**THE TASK**
Once you find the line with "Mariners starting pitcher" in the data below, transcribe exactly each line from there to the line with "Besser, Wilhelmine v.: Die", inclusive, and nothing else. Drop the pictures.

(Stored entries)
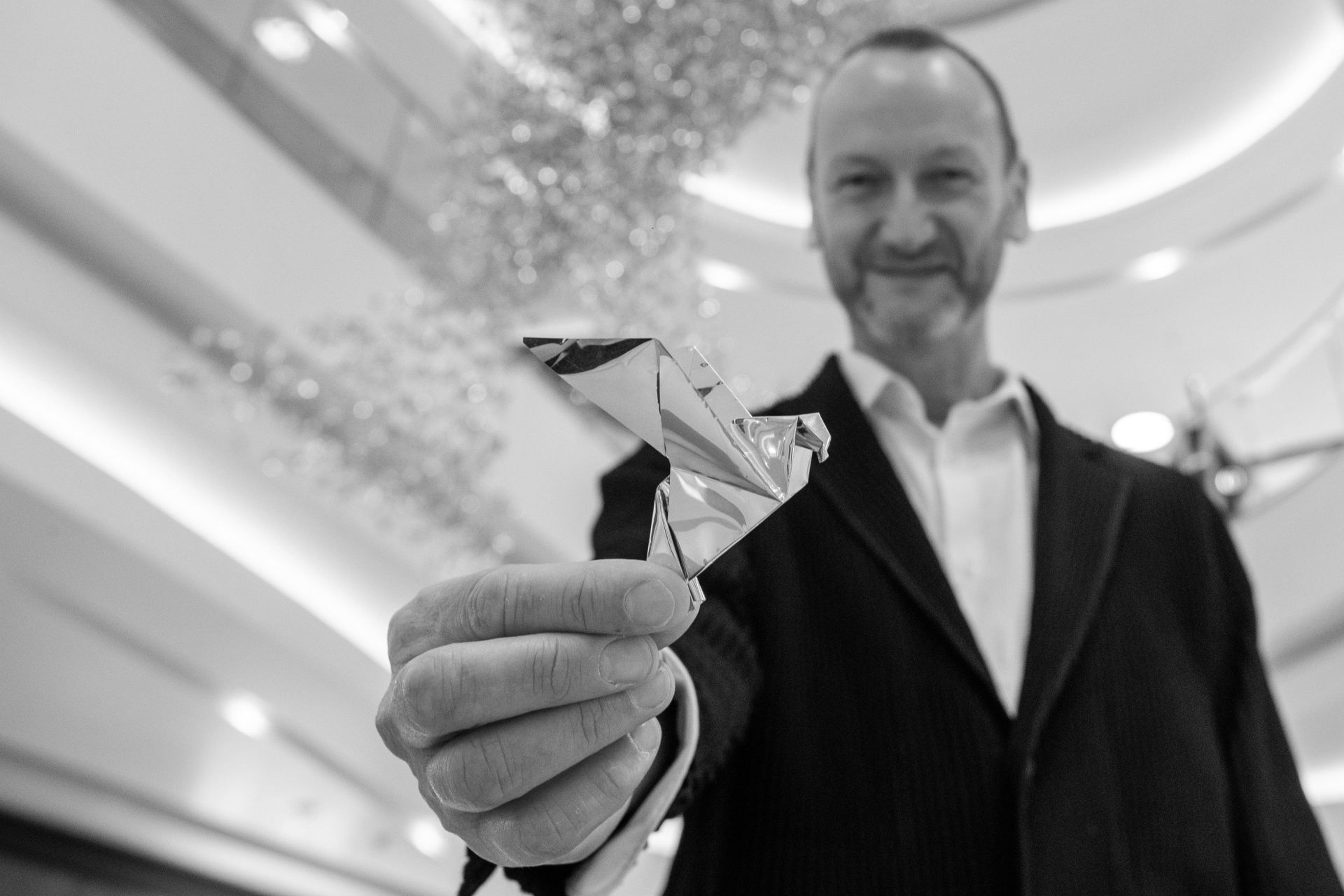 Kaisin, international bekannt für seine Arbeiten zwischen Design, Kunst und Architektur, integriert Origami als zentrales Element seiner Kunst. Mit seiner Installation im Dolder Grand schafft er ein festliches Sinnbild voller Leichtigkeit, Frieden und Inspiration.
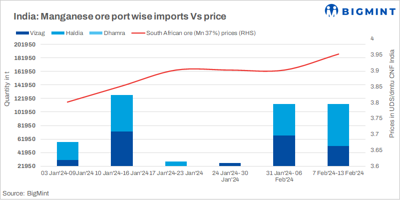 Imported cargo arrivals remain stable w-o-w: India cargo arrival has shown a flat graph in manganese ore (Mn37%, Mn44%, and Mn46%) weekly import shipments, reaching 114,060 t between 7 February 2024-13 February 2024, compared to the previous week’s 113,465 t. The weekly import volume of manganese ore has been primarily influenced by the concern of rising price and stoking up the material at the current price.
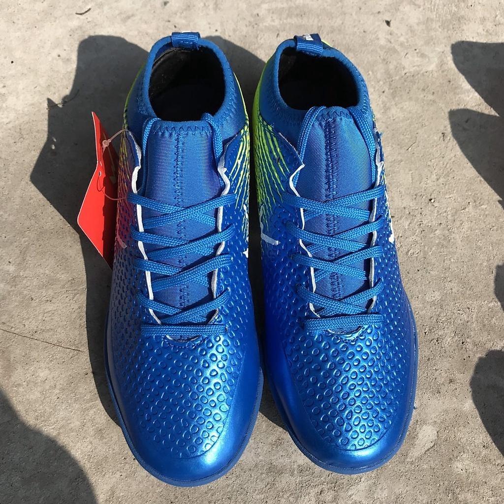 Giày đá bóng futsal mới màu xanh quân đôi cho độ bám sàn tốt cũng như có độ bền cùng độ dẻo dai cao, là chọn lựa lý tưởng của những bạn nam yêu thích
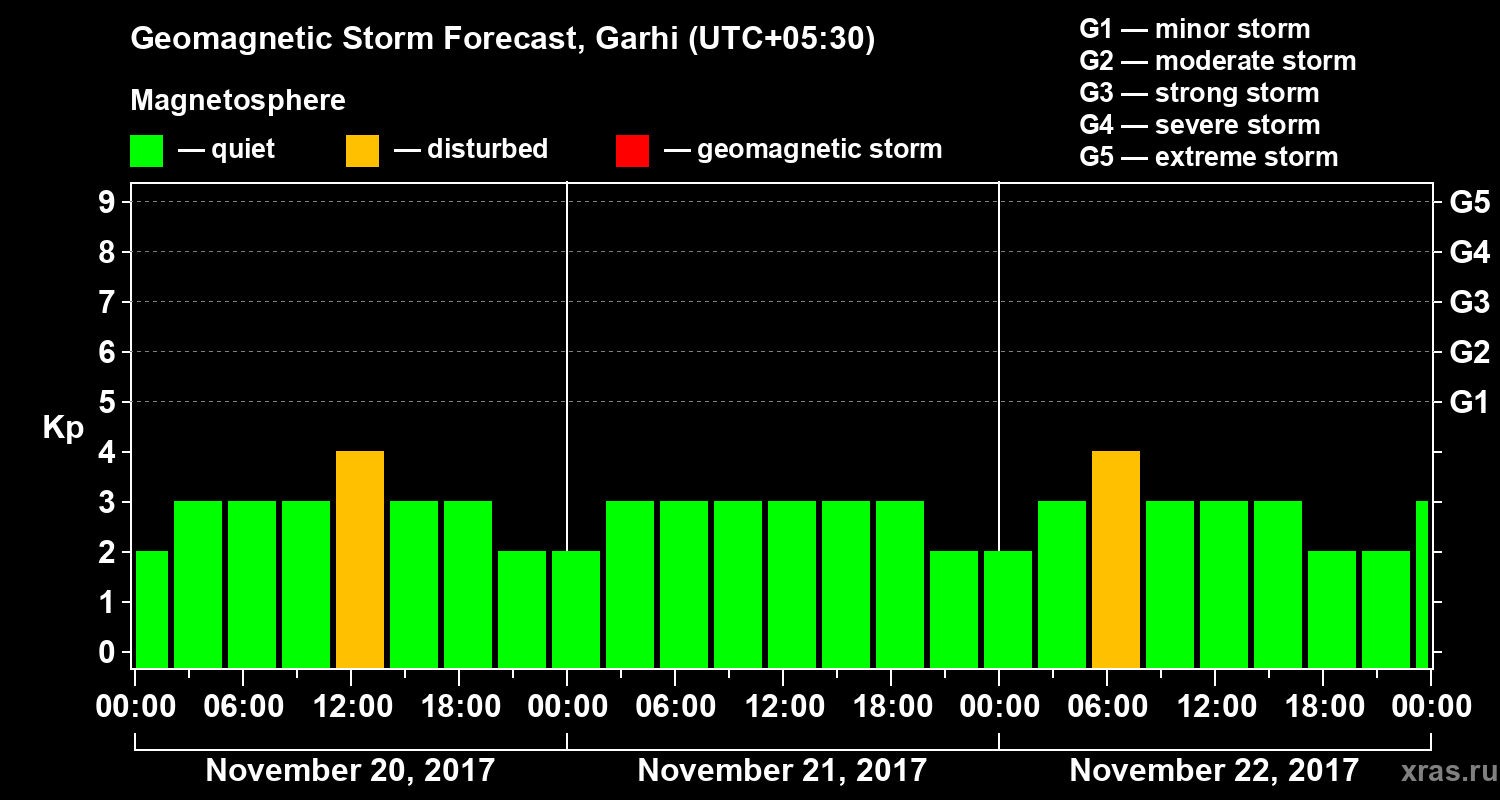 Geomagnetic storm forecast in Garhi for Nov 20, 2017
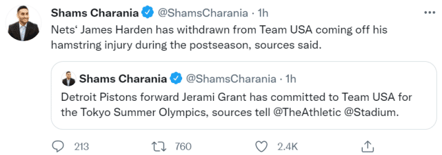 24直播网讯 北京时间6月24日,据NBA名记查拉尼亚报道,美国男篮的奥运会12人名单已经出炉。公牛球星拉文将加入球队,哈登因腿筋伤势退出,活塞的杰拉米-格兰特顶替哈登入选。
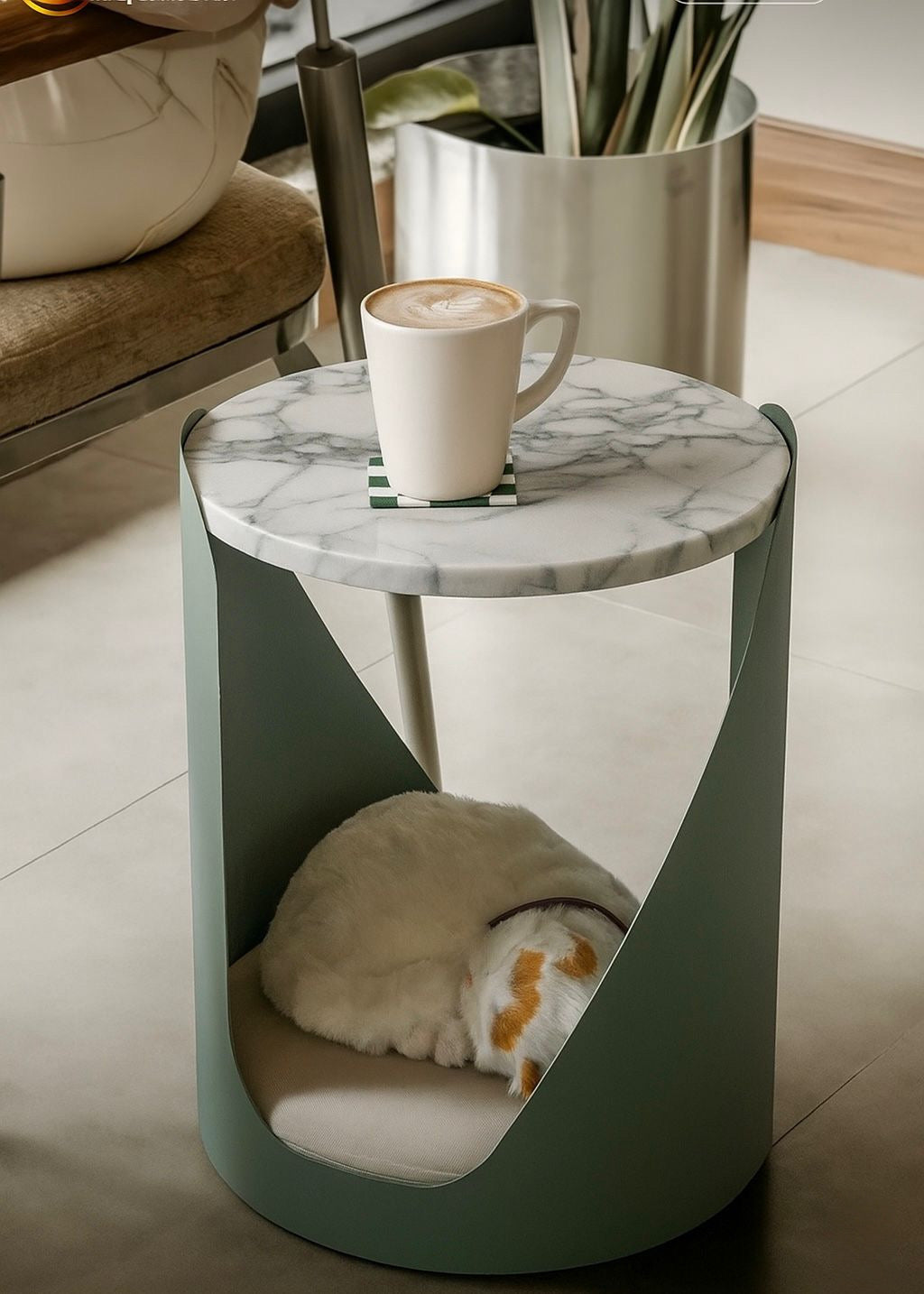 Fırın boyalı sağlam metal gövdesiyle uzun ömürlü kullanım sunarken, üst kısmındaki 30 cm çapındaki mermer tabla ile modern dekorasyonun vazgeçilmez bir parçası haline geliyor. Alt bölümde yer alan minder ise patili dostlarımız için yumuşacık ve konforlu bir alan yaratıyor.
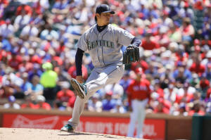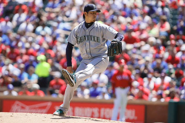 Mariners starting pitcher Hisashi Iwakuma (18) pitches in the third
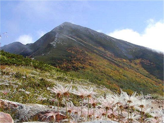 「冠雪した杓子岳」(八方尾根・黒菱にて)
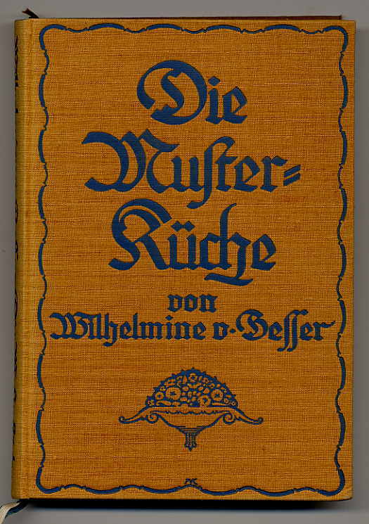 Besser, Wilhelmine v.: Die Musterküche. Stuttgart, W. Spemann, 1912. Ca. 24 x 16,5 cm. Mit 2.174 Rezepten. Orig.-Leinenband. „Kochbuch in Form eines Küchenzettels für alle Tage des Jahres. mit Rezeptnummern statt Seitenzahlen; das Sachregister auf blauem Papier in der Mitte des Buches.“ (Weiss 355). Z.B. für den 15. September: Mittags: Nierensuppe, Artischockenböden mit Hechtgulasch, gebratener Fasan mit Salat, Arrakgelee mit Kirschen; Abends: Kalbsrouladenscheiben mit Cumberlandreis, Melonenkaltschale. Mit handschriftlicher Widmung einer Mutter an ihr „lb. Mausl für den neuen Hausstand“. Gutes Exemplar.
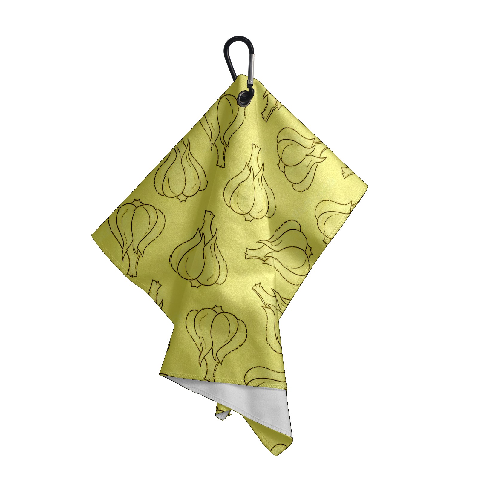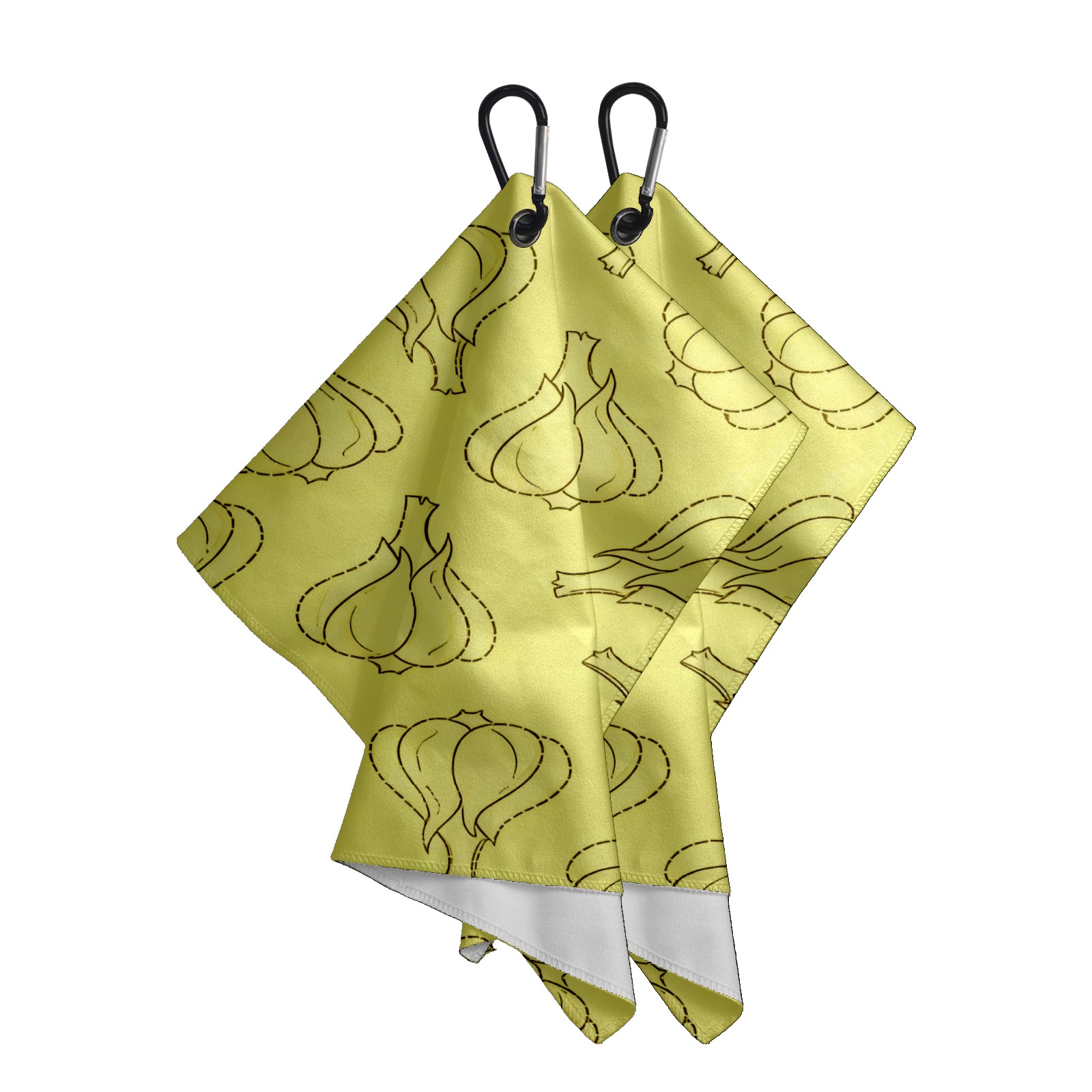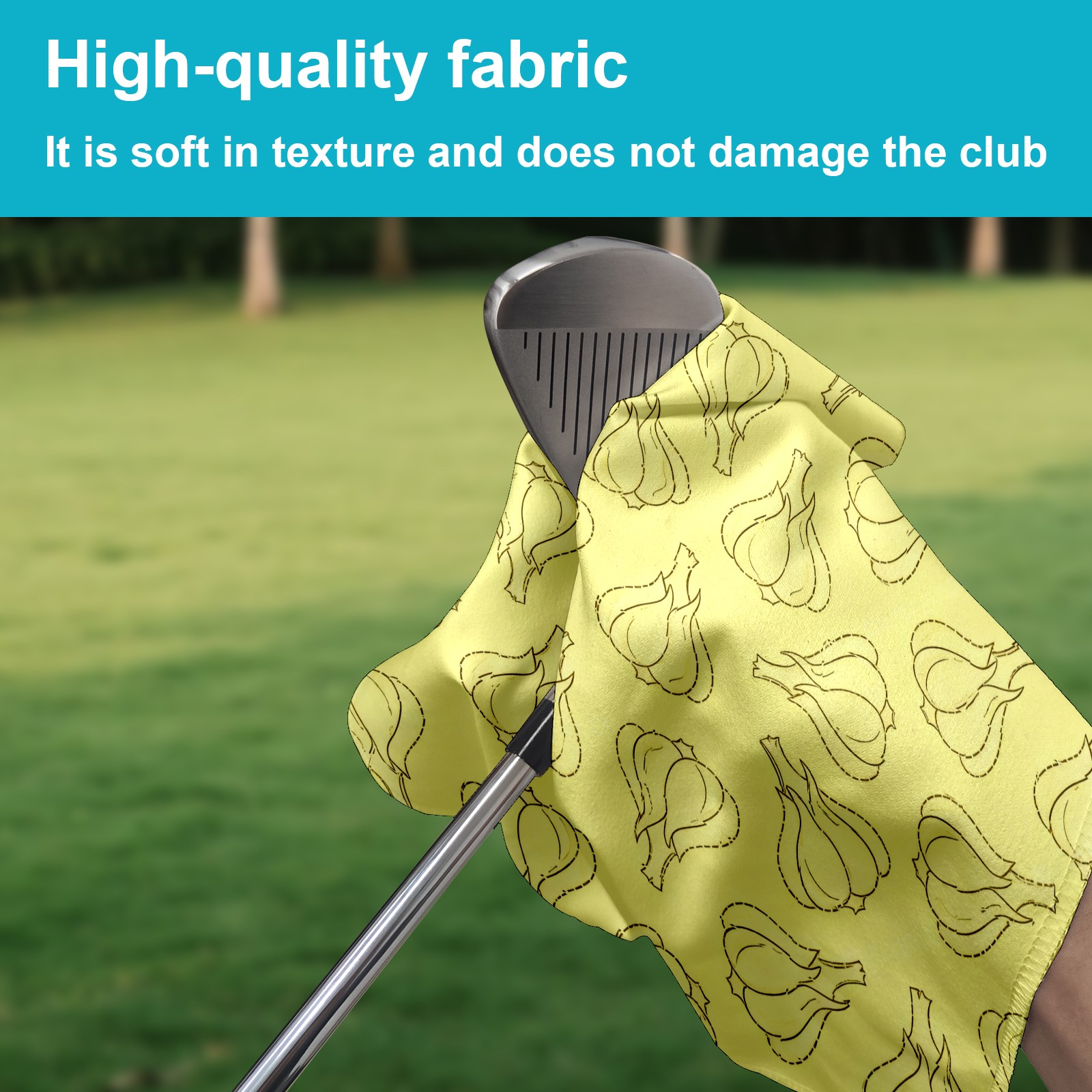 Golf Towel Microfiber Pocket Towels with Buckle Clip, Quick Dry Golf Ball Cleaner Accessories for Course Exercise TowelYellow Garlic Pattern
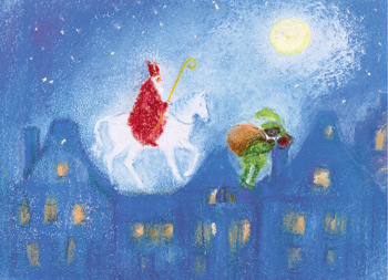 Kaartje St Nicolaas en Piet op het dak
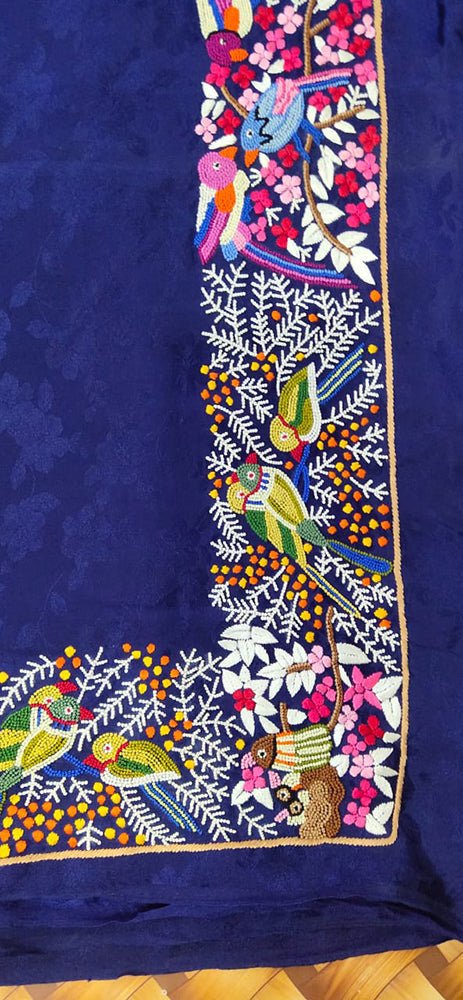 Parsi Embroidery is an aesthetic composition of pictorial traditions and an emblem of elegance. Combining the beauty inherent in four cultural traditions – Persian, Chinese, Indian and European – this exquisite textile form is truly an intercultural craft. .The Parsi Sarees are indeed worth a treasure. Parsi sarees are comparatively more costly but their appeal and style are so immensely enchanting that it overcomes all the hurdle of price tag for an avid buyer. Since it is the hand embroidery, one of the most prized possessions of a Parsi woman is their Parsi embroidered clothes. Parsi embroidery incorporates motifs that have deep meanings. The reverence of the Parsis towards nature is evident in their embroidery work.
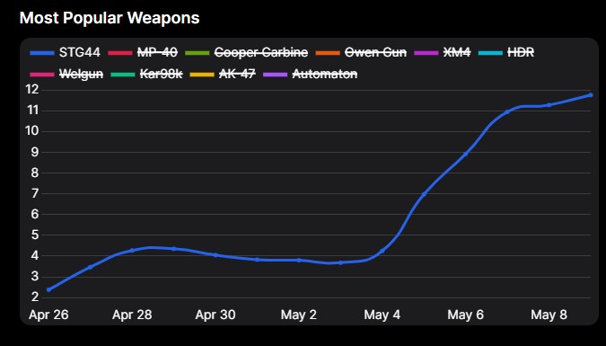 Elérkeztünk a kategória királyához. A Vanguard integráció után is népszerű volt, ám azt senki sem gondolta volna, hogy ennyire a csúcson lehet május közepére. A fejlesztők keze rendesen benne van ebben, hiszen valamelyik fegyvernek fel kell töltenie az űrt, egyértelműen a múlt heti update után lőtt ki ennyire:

**WORKED SOLUTION**
 Mariners starting pitcher Hisashi Iwakuma (18) pitches in the third
 「冠雪した杓子岳」(八方尾根・黒菱にて)
 Besser, Wilhelmine v.: Die Musterküche. Stuttgart, W. Spemann, 1912. Ca. 24 x 16,5 cm. Mit 2.174 Rezepten. Orig.-Leinenband. „Kochbuch in Form eines Küchenzettels für alle Tage des Jahres. mit Rezeptnummern statt Seitenzahlen; das Sachregister auf blauem Papier in der Mitte des Buches.“ (Weiss 355). Z.B. für den 15. September: Mittags: Nierensuppe, Artischockenböden mit Hechtgulasch, gebratener Fasan mit Salat, Arrakgelee mit Kirschen; Abends: Kalbsrouladenscheiben mit Cumberlandreis, Melonenkaltschale. Mit handschriftlicher Widmung einer Mutter an ihr „lb. Mausl für den neuen Hausstand“. Gutes Exemplar.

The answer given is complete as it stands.